Location
CSE 2311
Event Description

Title: Understanding online fashion networks

Abstract : From Instagram to Pinterest, visual media becomes one of the most important form of information in online social networks. Billions of images produce social interaction through visual media on the Web. But how can we model content and interaction in such large-scale visual networks? This dissertation research tries to approach this question using data from Chictopia, a real-world online fashion network. I consider two major problems in this context: understanding of visual content, and understanding of user behavior.

Understanding visual content is the ultimate goal in computer vision. In this dissertation, I study computer vision techniques to recognize garment items in a picture.

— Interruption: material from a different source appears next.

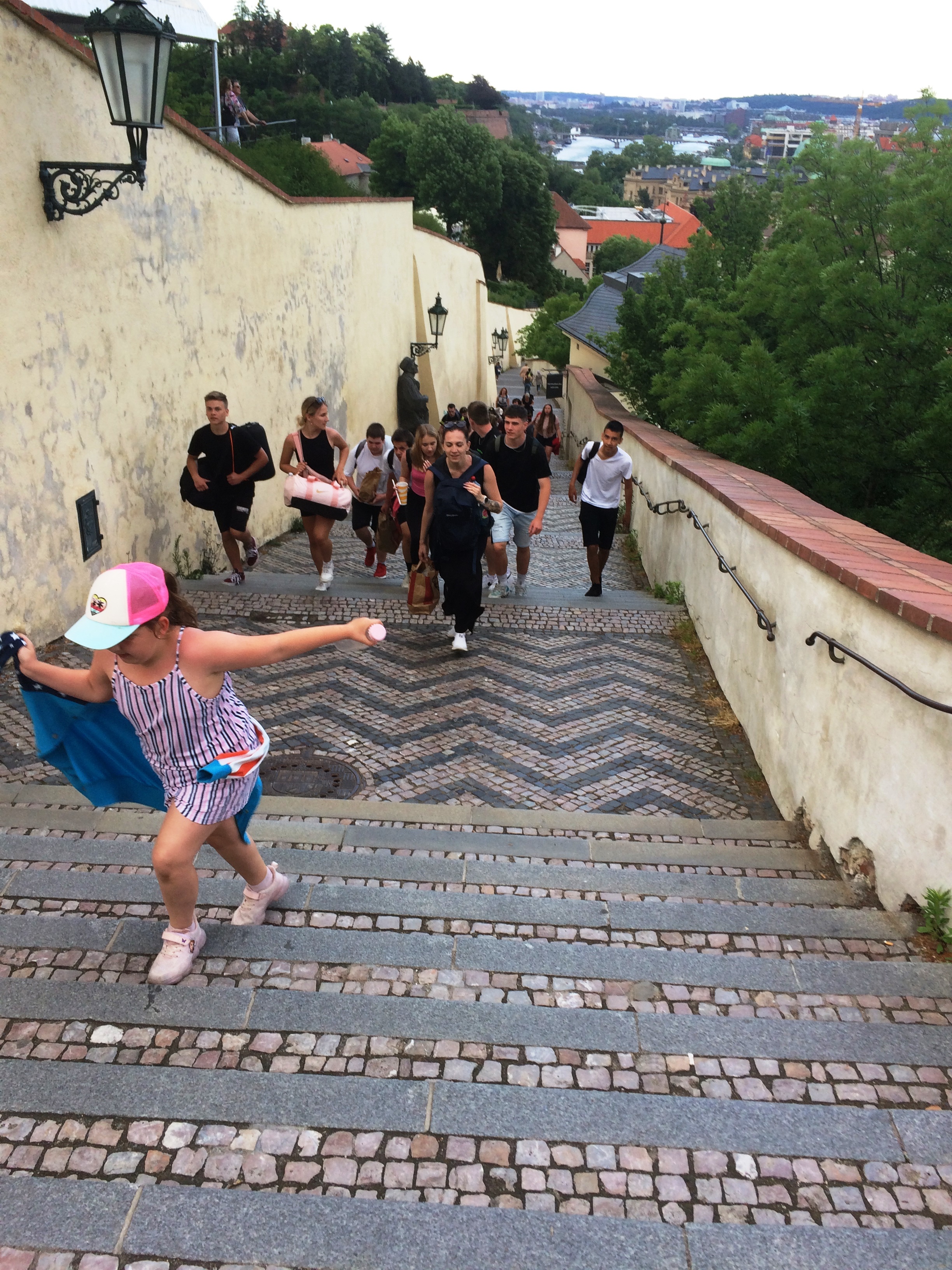 Následoval rozchod v centru Terezína (bývalého židovského ghetta), poté zase přesun na vlak a návrat do Prahy. Tam jsme se z nádraží přemístili na Václavské náměstí, dali krátký rozchod na nákupy, a poté přes Staroměstské náměstí a Karlův most na Pražský hrad, s minimalistickým historickým výkladem. Vstup do starodávného sídla králů se samozřejmě neobešel bez nesmyslné bezpečnostní prohlídky, která nás docela slušně zdržela. Pověřený policista byl ale veselá kopa, takže nám to jakžtakž vykompenzoval pár vtipy. Po průchodu hradem jsme zamířili ke kapucínskému klášteru na Loretánské náměstí, a po chvíli hledání vstupních dveří, a poté někoho, kdo by nám je otevřel, jsme se úspěšně ubytovali.

I propose clothing-parsing algorithms, which assign one of clothing category to every pixel. The algorithm takes advantage of the unique characteristics of fashion pictures; human pose gives a strong contextual cue in clothing parsing. Using this knowledge, I first formulate clothing parsing as a joint label assignment with respect to a probability distribution, and show that this approach results in good localization performance. The second formulation also considers detection of items, using a data-driven approach. The empirical results show promising recognition performance and the benefits of clothing parsing in human pose estimation.

On understanding user behavior, I study what factors are affecting the popularity of pictures in this dissertation. Using the clothing parsing techniques as well as network and text information, I predict the number of votes in both in-network and out-of-network scenarios. The experiments find significant statistical evidence that social factors dominate the in-network scenario, but a combination of content and social factors can help predicting popularity outside of the network.